In Cina l’indice CSI 300 dei listini di Shanghai e Shenzhen +1,3% al massimi dal 2021. Hang Seng di Hong Kong -0,7%. Taiex di Taipei +0,3%. In Cina i prezzi alla produzione sono aumentati del 2,8% in aprile, il primo rialzo in oltre tre anni, e i prezzi al consumo sono cresciuti dell’1,2%, superando le aspettative a causa dell’aumento dei costi del carburante.

Si apprezza lo yen, a 157,5 su dollaro. Il mercato valutario sarà al centro dell’incontro tra il segretario al Tesoro statunitense Scott Bessent e il primo ministro Takaichi, il ministro delle Finanze Katayama e altri esponenti del governo. Il dollaro mantiene al momento il suo ruolo di riserva di liquidità durante gli eventi di rischio. L’euro è sceso dello 0,28% a 1,1754 dollari. Al contrario l’oro non viene più considerato bene rifugio. Oggi è in calo dello 0,5% a 4.690 dollari l’oncia.

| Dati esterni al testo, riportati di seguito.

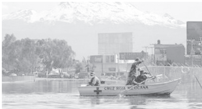
Mexican soldiers patrol on a boat on a flooded highway in Chalco, Mexico, on 11 February, 2010. The Compania watercourse flooded Chalco after torrential rain from several different weather systems.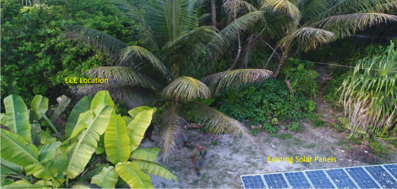
Existing Site Conditions Aerial Shots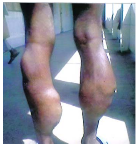
Fig-1: Subcutaneous lesions on both legs As a part of academic exercise two larger leg lesions were also excised on next available

FNAC of the left forearm and leg swellings were done in the pathology department of Rajshahi Medical College. But the reports were inconclusive. Subsequently a moderate size lesion over the left forearm was excised completely and was sent for histopathologcal examination. Histopathology report revealed multiple mature and immature cysts (sporangia) packed with spores. There were chronic inflammatory cells infiltrating normal tissue. The into histopathological diagnosis was rhinosporidiosis.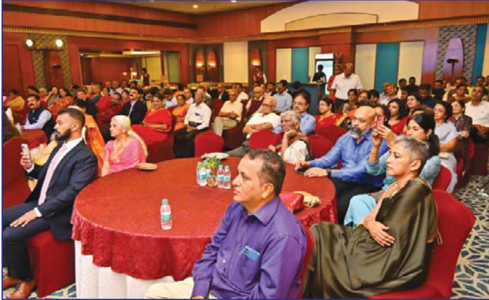
A section of the audience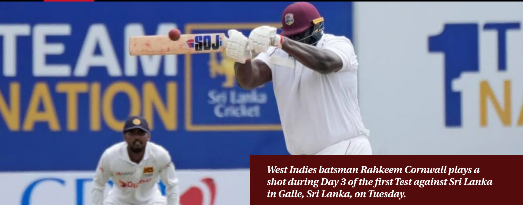
West Indies batsman Rahkeem Cornwall plays a shot during Day 3 of the first Test against Sri Lanka in Galle, Sri Lanka, on Tuesday.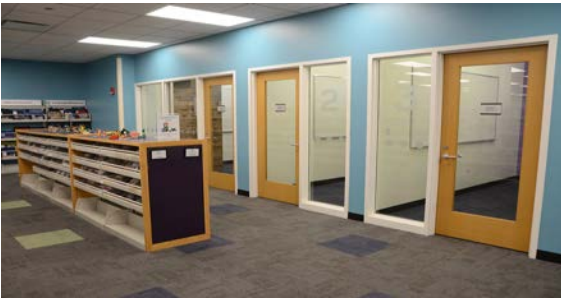
Library group study rooms

In contrast, the Los Altos Library provides one large room for teen study. Tutors often tutor students in the open leading to a lack of privacy and noise.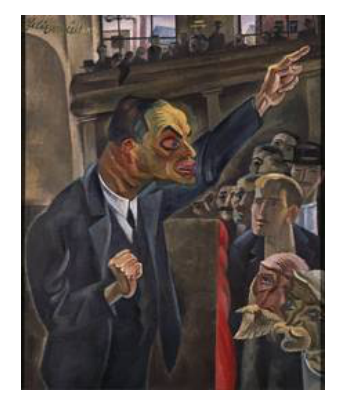
Conrad Felixmüller, Der Agitator, 1946, Neufassung des zerstörten Gemäldes von 1920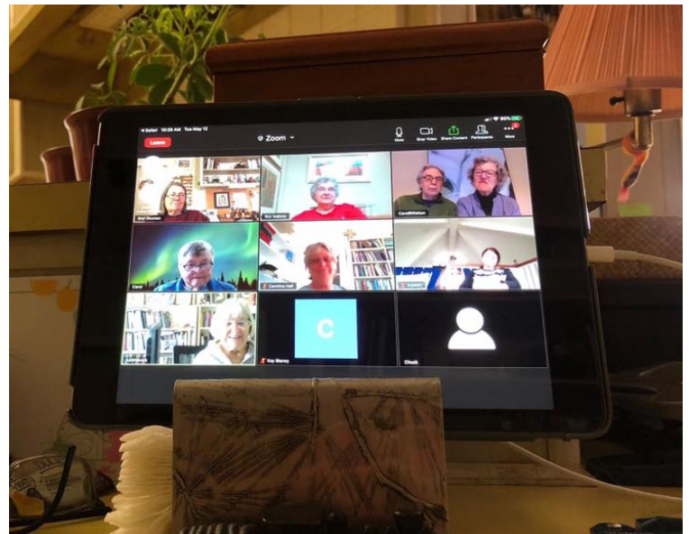
Photo: Worship and Church Business is conducted via Zoom in 2020.

There will be a Thanksgiving morning service at roam on Facebook – just a short one so that we can give thanks together. See you then.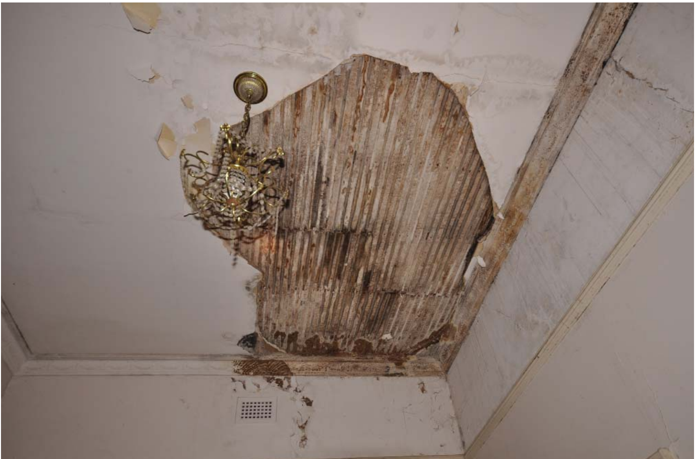
LG04 HOBBY ROOM 02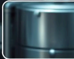
25p Milk clsts lise ralityy and tom the sorned bat paneof ch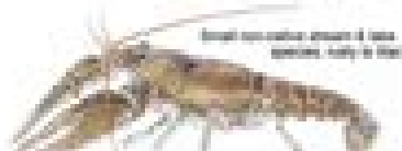
Orconectes obscurus Hickory Crayfish max. carapace length 10cm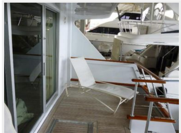
Aft Deck Lounger - Starboard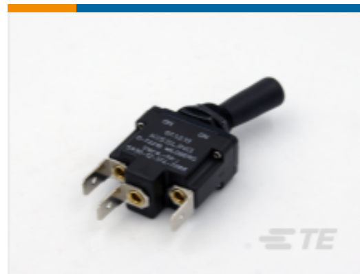
TE Part # K1002975 Toggle Switch 07-1-2-13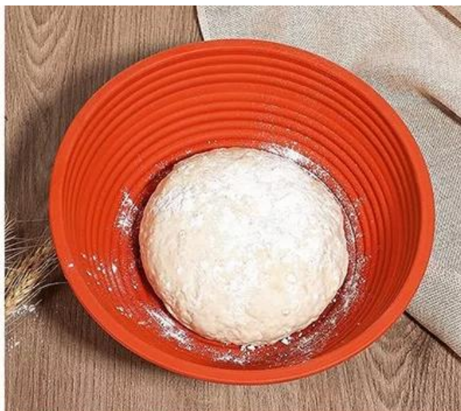
2. Place the dough in the basket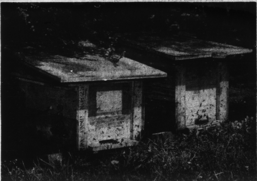
BEES LIKE RILEY —Two colonies of bees decided they like the shaded, pleasant surroundings of Riley Hospital. They settled there and refused to budge. Maintenance men provided proper housing. Now, the bees are making honey.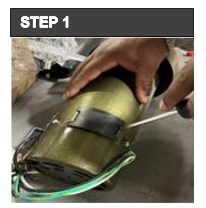
Remove the motor brush cap with a flat head screwdriver.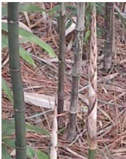
Cane or Culm (left) on new shoot (middle), and week-old shoot (right)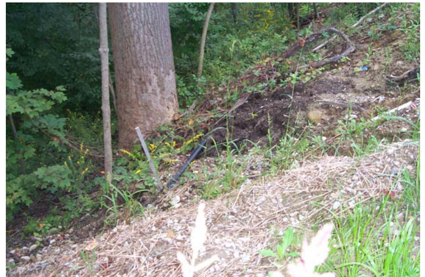
Photo 32: NW along CE to left, fill flowing into CE from model on SL 62 to right.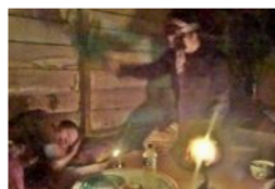
Figure 1. Bedikie .

Bokuan ritual carried out by the people of Tanjung Padang, Kepenuhan District, Rokan Hulu Regency, Riau Province has been existing in the community since 1962. The absence of hospitals, health centers, and other treatment centers forced the people to use Bokuan as a method and attempt to cure diseases. To this day, this ritual still becomes an alternative option since it is considered an effective treatment, although the people also visit doctors. The next ritual is called Talam Dua Muka . It is a custom in Teluk Setimbul Village that still exists to this day. Cabut Kelo is a healing treatment applied when the patient's family gives consent. There should be no coercion in this treatment. The last one is Buang Badi . This ceremony aims solely at curing illness. It can be carried out either at the patient's house or the shaman's house.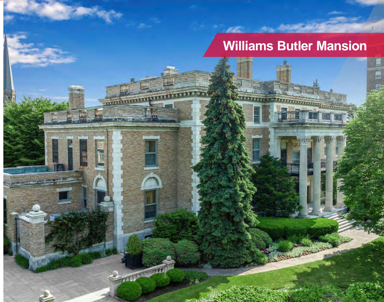
Williams Butler Mansion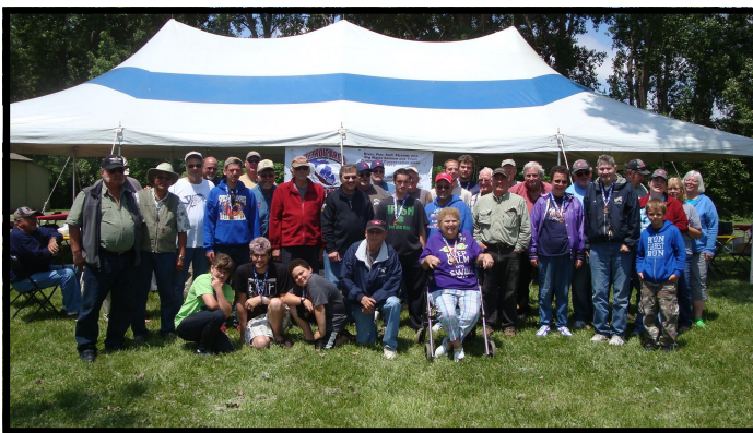
A Group Photo from 2015's Special People Outing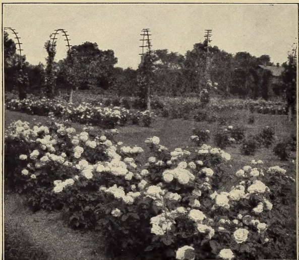
A garden of Heller's Roses

Designed, Photographed, Engraved and Printed by J. Horace McFarland Company Mount Pleasant Press Harrisburg, Pa.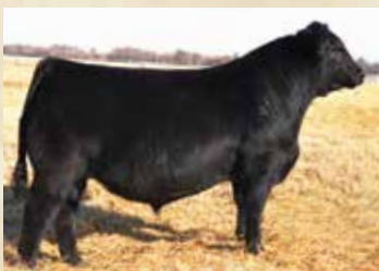
EXAR DENVER 2002B

Borse europee viste aprire poco variate. A Piazza Affari occhi a Intesa Sanpaolo e Tenaris

I mercati europei dovrebbero aprire sulla parità. Future sull’Euro Stoxx 50 +0,1%.

Banca Mediolanum – Massimo Doris conferma l’assenza di interesse per operazioni di M&A e sottolinea i benefici derivanti dall’attuale consolidamento del settore bancario. Oggi e domani si svolgerà la convention nazionale a Torino.

Diasorin – Ha chiuso il primo trimestre con ricavi pari a 287 milioni di euro, -3% a cambi costanti, e ha confermato la guidance per il 2026. L’Ebitda rettificato è diminuito del 13% a 90 milioni di euro, margine al 31%.

Intesa Sanpaolo – Dati i vincoli antitrust, Intesa non può pensare a un M&A sulla compagnia assicurativa. Lo ha dichiarato l’AD Carlo Messina. I risultati trimestrali hanno visto un record dell’utile netto e delle commissioni. La banca ha confermato l’outlook 2026. Morgan Stanley ha abbassato la raccomandazione a Equalweight da Overweight su Intesa Sanpaolo -portando il target price a 6,60 euro, dai 6,80 euro precedenti.

Snam – Ha concordato con 24 banche alcune modifiche alle linee di credito che portano il tetto a 5,1 miliardi da 4 miliardi ed estendono la scadenza per il rimborso. Lo ha scritto Il Messaggero.

Tenaris – Ha acquisito la totalità di Artrom Steel Tubes, produttore rumeno di tubature in acciaio, per 86 milioni di euro.

Cnh – Goldman Sachs ha abbassato il rating a Neutral da Buy.

Maire – BNP ha abbassato il rating da Outperform a Neutral.